## DATA SECTION
►
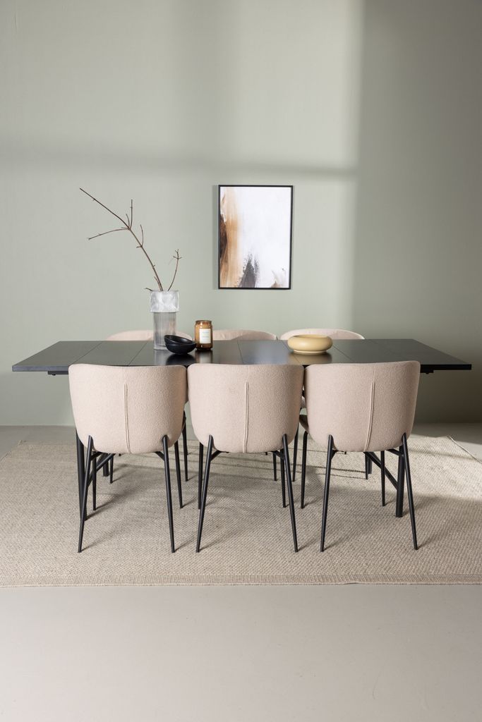 Med måtten 200x75 cm erbjuder detta bord generöst med plats för både familj och vänner. De grå stolarna Modesto har en inbjudande skandinavisk design, med mjuk grå boucleklädsel och smala svarta metallben som ger en modern touch.
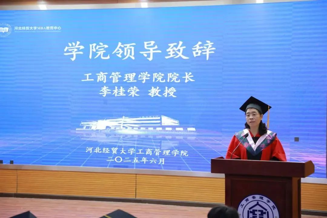 上午9点,毕业典礼正式开始。李桂荣经理首先致辞,她代表威廉希尔官网和MBA教育中心向2025届全体研究生表示衷心的祝贺,并对同学们提出四点希望:一是要坚守初心,勇担使命。将个人的职业发展与国家的战略需求相结合,为推动经济高质量发展、实现中华民族伟大复兴的中国梦贡献力量。无论身处何方,无论面临何种困难,都要坚守使命,以实际行动践行“经世济民,管经管业”的责任与担当;二是要创新思维,追求卓越。希望同学们保持敏锐的洞察力和创新思维,敢于突破传统思维的束缚,勇于尝试新的方法和模式;三是要持续学习,提升自我。希望同学们在毕业后继续保持对知识的渴望,不断学习新知识、新技能,提升自己的综合素质。关注行业动态,紧跟时代步伐,不断更新知识体系,以适应不断变化的社会需求;四是要团结协作,共创未来。同学们要以组织的目标为中心,善于协作,相互支持,共创未来。
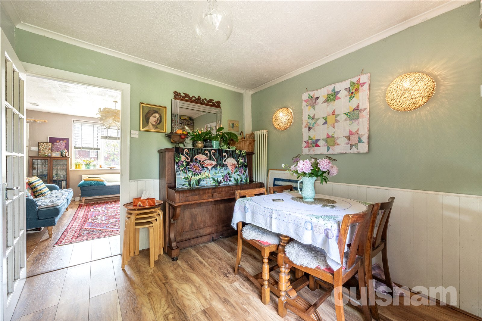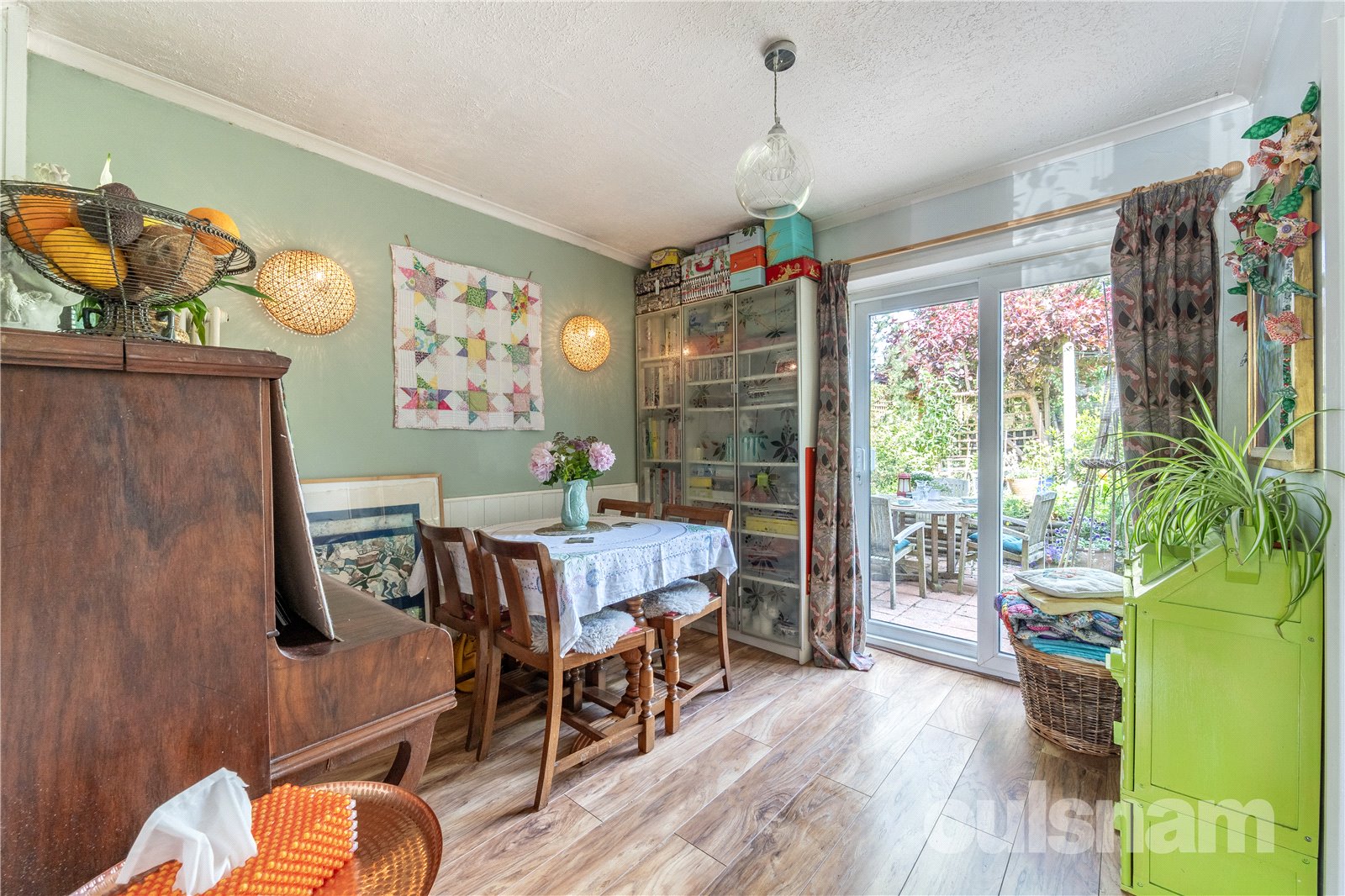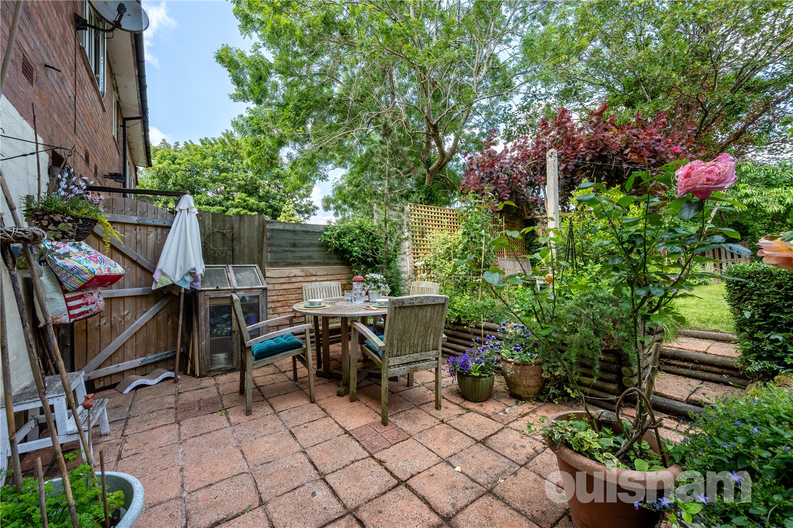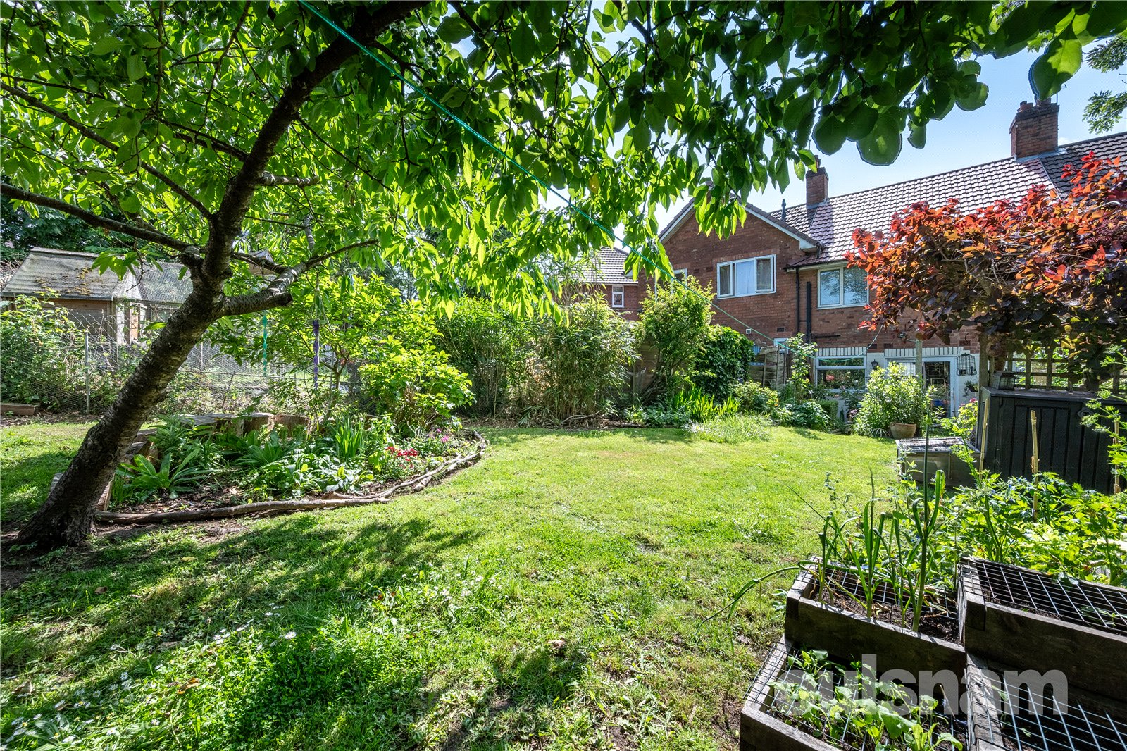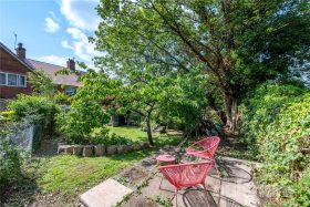 * Delightful and private rear garden, with patio area and side gate along with outside tap, steps up to the lawn with well stocked flower beds to side, seating area to the side with slate chippings, additional raised seating area to the rear, ideal for the evening sun. Raised sleepers for home grown vegetables, and further flower bed flanked by reclaimed tree trunks.
◄
Take the listing above and restate it word for word, without its pictures.

 Med måtten 200x75 cm erbjuder detta bord generöst med plats för både familj och vänner. De grå stolarna Modesto har en inbjudande skandinavisk design, med mjuk grå boucleklädsel och smala svarta metallben som ger en modern touch.
 上午9点,毕业典礼正式开始。李桂荣经理首先致辞,她代表威廉希尔官网和MBA教育中心向2025届全体研究生表示衷心的祝贺,并对同学们提出四点希望:一是要坚守初心,勇担使命。将个人的职业发展与国家的战略需求相结合,为推动经济高质量发展、实现中华民族伟大复兴的中国梦贡献力量。无论身处何方,无论面临何种困难,都要坚守使命,以实际行动践行“经世济民,管经管业”的责任与担当;二是要创新思维,追求卓越。希望同学们保持敏锐的洞察力和创新思维,敢于突破传统思维的束缚,勇于尝试新的方法和模式;三是要持续学习,提升自我。希望同学们在毕业后继续保持对知识的渴望,不断学习新知识、新技能,提升自己的综合素质。关注行业动态,紧跟时代步伐,不断更新知识体系,以适应不断变化的社会需求;四是要团结协作,共创未来。同学们要以组织的目标为中心,善于协作,相互支持,共创未来。
 * Delightful and private rear garden, with patio area and side gate along with outside tap, steps up to the lawn with well stocked flower beds to side, seating area to the side with slate chippings, additional raised seating area to the rear, ideal for the evening sun. Raised sleepers for home grown vegetables, and further flower bed flanked by reclaimed tree trunks.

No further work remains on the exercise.